Prisoners are persons whom most of us would rather not think about. Banished from everyday sight, they exist in a shadow world that only dimly enters our awareness. They are members of a "total institution" that controls their daily existence in a way that few of us can imagine. "[P]rison is a complex of physical arrangements and of measures, all wholly governmental, all wholly performed by agents of government, which determine the total existence of certain human beings (except perhaps in the realm of the spirit, and inevitably there as well) from sundown to sundown, sleeping, walking, speaking, silent, working, playing, viewing, eating, voiding, reading, alone, with others. . . ." It is thus easy to think of prisoners as members of a separate netherworld, driven by its own demands, ordered by its own customs, ruled by those whose claim to power rests on raw necessity. -- Justice William Brennan, dissenting in O’Lone v. Estate of Shabazz, 482 U.S. 342, 354-55 (1987).

Sunday, March 25, 2007

Collateral Consequences

5 days and counting. Today, Amanda and I went over the finances. Normally, I handle all the bills, but obviously that is not possible while I am incarcerated. Fortunately, it is not that complicated, but since I am self-employed, I have had to establish procedures to ensure my business can continue to generate income while I am gone.

This is actually a collateral consequence of incarceration that many do not consider. While the convict is sitting in prison, with free room and board so to speak, his family must adapt to the absence of a husband, father, and economic resource. While this is not officially part of the punishment, it is still very real. For me, the hardest part of this process has been the impact on my family -- my parents, wife, and children. I am an adult... I can handle the consequences for my conduct. But my family should not have to suffer.

I am certainly more fortunate than most. First, I will only be spending 3 months in prison. While that is far longer than I have ever spent apart from my wife, I know there are many who serve our country in Iraq or Afghanistan who are separated for much longer. Second, my family can visit me on weekends. Third, I have a business that can operate for a short period of time without my involvement, continuing to provide income for my family. Being self-employed, I don't have to worry about being fired, nor does my career depends on a state license (e.g. medical, legal, finance, etc) that could be revoked based on a felony conviction. North Carolina only restricts a felon's right to vote for the term of probation (3 years in my case), whereas some states (such as Florida) permanently disenfranchise felons.

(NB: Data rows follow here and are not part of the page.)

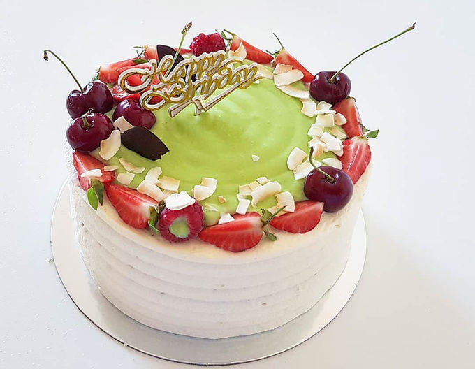 3 layer2 of pandan chiffon sponge | fresh cream and pandan creme patissiere | (fresh fruits topping may be varied )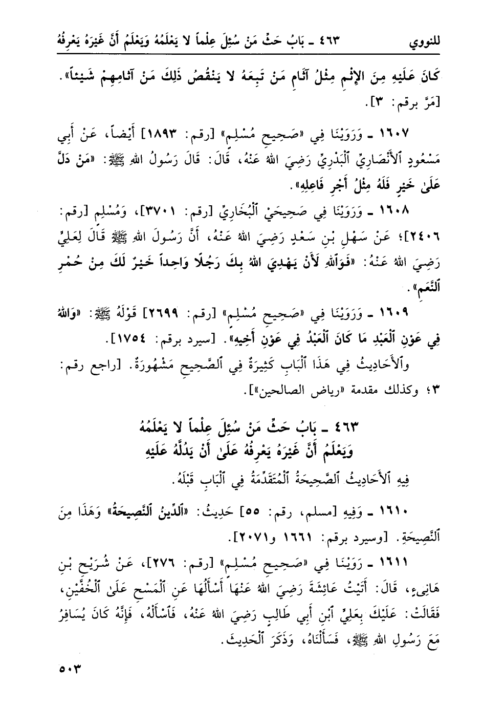 بابُ حثِّ مَنْ سُئلَ علماً لا يعلمهُ ويعلمُ أنَّ غيرَه يعرفُه على أن يدله عليه: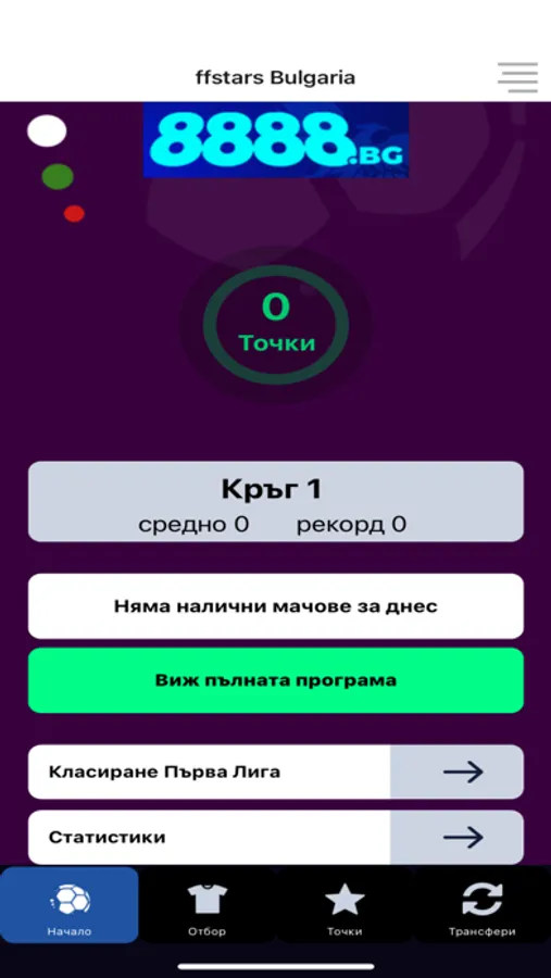 FFStarsBG е фентъзи футбол игра за българското първенство Първа Лига. Резултаите ти в играта се определят от реалното представяне на избраните от теб футболисти в мачовете от първенството.
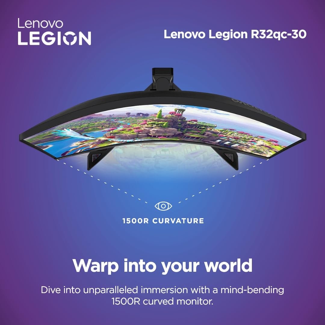 Lenovo Legion-R32qc-30 | 32″ (81.2cm) QHD 180Hz Curved Gaming Monitor | 0.5ms, AMD FreeSync, 99% sRGB, 3Wx2Speaker, 2xHDMI 2.1 TMDS, 1xDP 1.4| Tilt, Swivel, Pivot, Height Adjust | Black | 67C8GAC1IN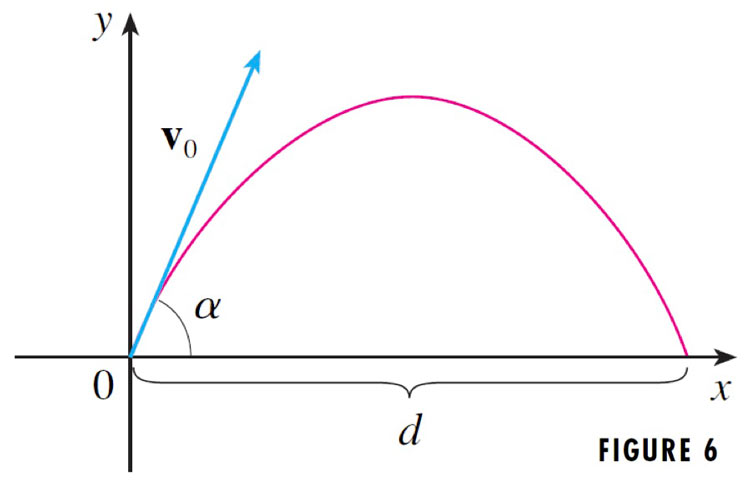 Assuming that a projectile is launched at $t$ from the origin in the diagram above, we have: $$\myv r(0)=\myc{0,0}$$ $$\myv v(0)=\myc{v_0\cos\alpha,v_0\sin\alpha}.$$
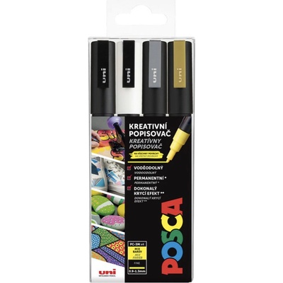 Rozmanitá sada 4 inkoustových fixů Uni POSCA PC-5M na vodní bázi v jednobarevných barvách. Píše prakticky na jakýkoli povrch bez prosakování papíru. Polyesterový hrot ve tvaru kulky píše čáru cca 0,9-1,3 mm. Sada obsahuje po jedné černé, bílé, stříbrné a zlaté. POSCA...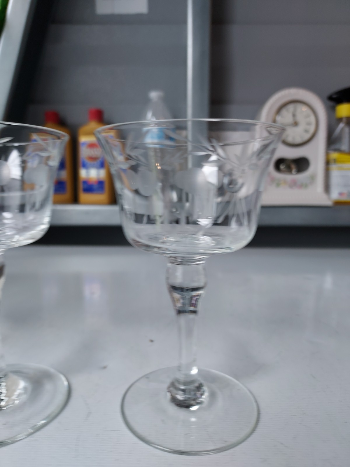 Elevate your home bar with this set of three beautifully etched cocktail glasses. Each glass stands 4 and one half inches tall and is 3 inches wide, perfect for your favorite mixed drinks. The clear glass allows you to see the vibrant colors of your drink while the etched features add a touch of elegance to your presentation. These glasses are perfect for any occasion, whether a cozy night in or a formal dinner party. Add them to your collection today and impress your guests with your hosting skills.

[By the way, an interesting issue arose concerning my right to vote in the November 7, 2006 elections. I entered a guilty plea on October 13, 2006 but was not scheduled for sentencing until the beginning of 2007. Did I become a convicted felon on October 13 (before the election) or when my sentence was imposed (after the election)? My attorney had not run across such an anomolous situation. She consulted the prosecutor who said his policy was to notify the state board of elections after sentencing, implying he did not object to my voting in the election. My other attorney -- I collect lawyers as a hobby :) -- indicated that the "entry of judgment," which apparently occurs at sentencing, is the relevant date. This is consistent with the answer we received from the prosecutor. In any case, I voted and no one said anything :) ]

By the way, the The Sentencing Project, a national organization working for a fair and effective criminal justice system by promoting reforms in sentencing law and practice, and alternatives to incarceration, discusses many of the collateral consequences associated with a felony conviction.